Society SaysOur society discourages individualism. At an early age, we are in awe to learn that no human is like another, but as time goes on, we mock our neighbors for their differences.
You are encouraged to live within certain set guidelines and standards. Thinking outside the box is something you discover on your own, since mediocrity is the norm. The educational process, the media, and parental expectations attempt to stamp out your unique self-identity. You are trained to not listen to your inner intuition. Don’t trust your inner sense of knowing. Don’t believe yourself. From birth, you are programmed to put away your foolish dreams and replace them with a sensible life. Society demands that you perform according to its standards, and it is hard not to follow suit.
As a child, I was a sensitive, shy, and emotional. My father would yell at me, “Feelings? Who gave you the right to have feelings? I’ll tell you how to feel.”
Don’t you love my dad’s classic philosophy!? “There are two ways to do things: the right way and the wrong way. And there is only one right way which is my way. It’s a rather close-minded look at life and people.
We are trained not to be different. In Art and Fear, authors David Bayles and Ted Orland tell us that “Nature places a simple constraint on those who leave the flock to go their own way—they get eaten.” Too many of you live a life that others have planned for you. Society wants you to choose the temporarily easy route. If you don’t buck the system and you follow orders; if you play by the rules, everything will be okay. In essence, you submerge your unique identity and don’t listen to inner self—that part of you which knows the real truth.

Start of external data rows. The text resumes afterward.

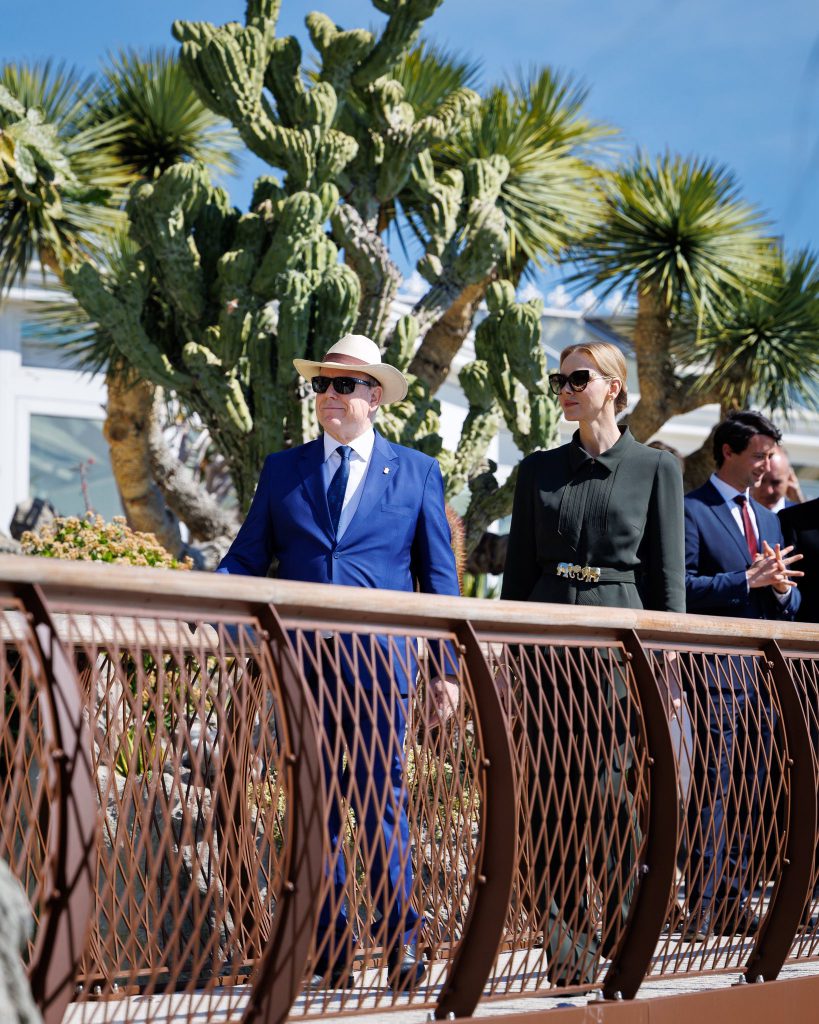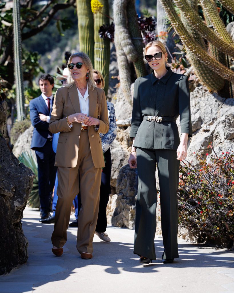 Très bel ensemble pour Charlène, très élégant qui va parfaitement à sa silhouette. J’aime aussi le tailleur de Caroline, très souriante qui semble avoir beaucoup de plaisir à visiter ce jardin.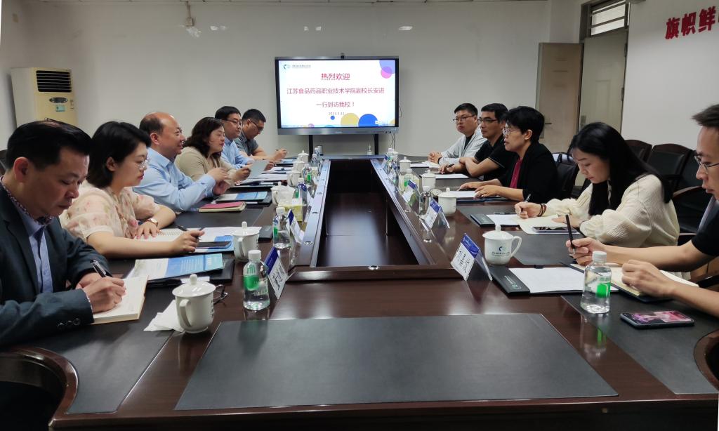 5月11日上午,江苏食品药品职业技术学院副校长安进到访成人電影,学校副校长李荣在南海校区北区行政楼会议室接待了来访客人。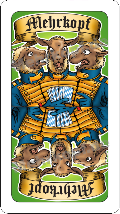 ...enthält ein vollständiges bayrisches Blatt! Somit können alle damit spielbaren Kartenspiele auch mit Mehrkopf gespielt werden. Dabei profitieren Sie von einem modernisierten, verschönertem und dennoch traditionellem Kartenbild!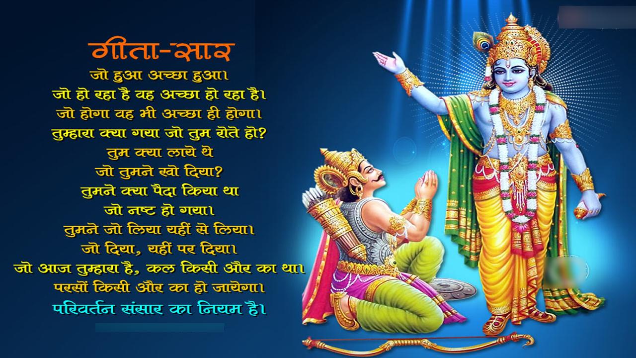 श्रीमद्भागवद् गीता अर्जुन के अलावा धृतराष्ट्र एवं संजय ने सुनी थी। अर्जुन से पहले गीता का परम पावन ज्ञान श्रीहरि ने सूर्यदेव को सुनाया था। श्रीमद्भागवद् गीता को किसने लिखा, यह प्रमाणिक रूप से स्पष्ट नहीं है। गीता में 18 अध्याय और 700 श्लोक हैं। गीता का दूसरा नाम गीतोपनिषद है। भागवत गीता का सार हमारे जीवन को एक पल में बदल सकता है। महाभारत काल में दिया गया गीता का उपदेश आज भी प्रासंगिक है। गीता का उपदेश समस्त जगत के लिए है। आइए जानते हैं गीता के कुछ सार।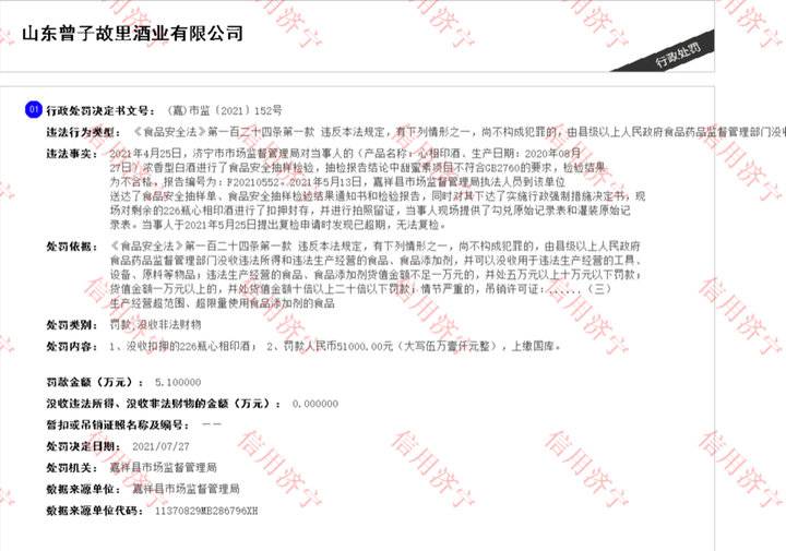 罚5.1万、没收226瓶酒,山东曾子故里酒业甜蜜素不合格被罚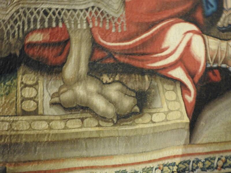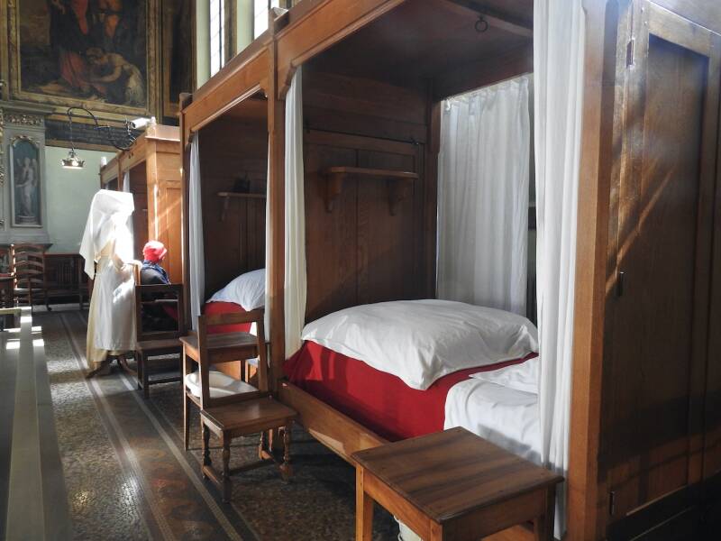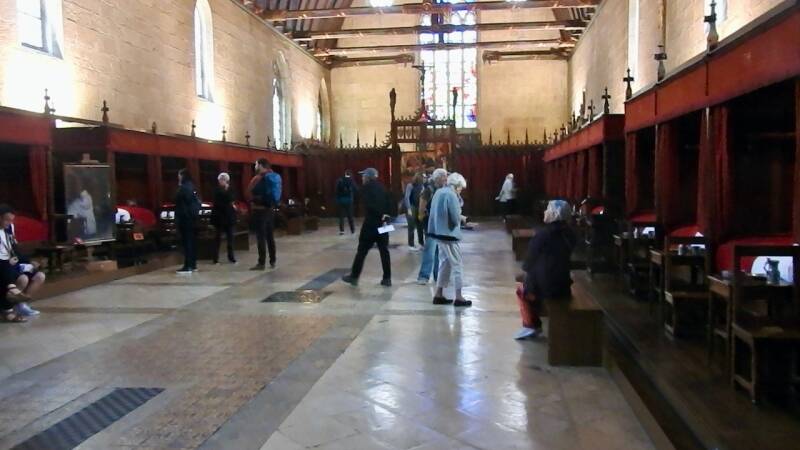 In een andere zaal, St Nicolas, zie je schilderijen, wandkleden en wat medische attributen waaronder zilveren nappen om wijn uit te drinken. Want niet alleen het personeel mocht wijn drinken omdat het zo gezond was, 1 liter per dag, er zijn dagen dat we minder drinken, ze moeten toch tamelijk bezopen rond hebben gelopen. Ook patiënten, ja zelfs kinderen, mochten wijn drinken vanwege de geneeskrachtige werking, professor Scherder zou bij een bezoek vuurrood aanlopen en spontaan een lezing beginnen. Het ziekenhuis beschikte over eigen wijngaarden, nog steeds en je kunt deze prijzige wijn kopen.

My father gave me two options when I graduated high school. I could get a job, or I could go to college and become a teacher. Why a teacher? So that I could have babies, and then take the same vacations as my kids. Choosing my own future wasn’t an option. Remember I told you I was timid, right? Well, I flunked student teaching, because I was too shy to stand in front of a group of seventh graders and give a lesson plan. I had to beg my advisor to give me a D for my student teaching program in order to graduate with my class. I was not cut out to be a teacher of middle or high school students. What’s interesting is that if my father would have just let me be, he’d learn, years down the line, that there was a teacher in me after all. But some people cannot be pleased, and it’s not your job or my job to make efforts to appease them.
The result of society’s training is to become remote, mechanical beings, content to go to work for someone else and raise 2.3 children. It becomes near-impossible to hear or access your inner voice and your dreams slowly die.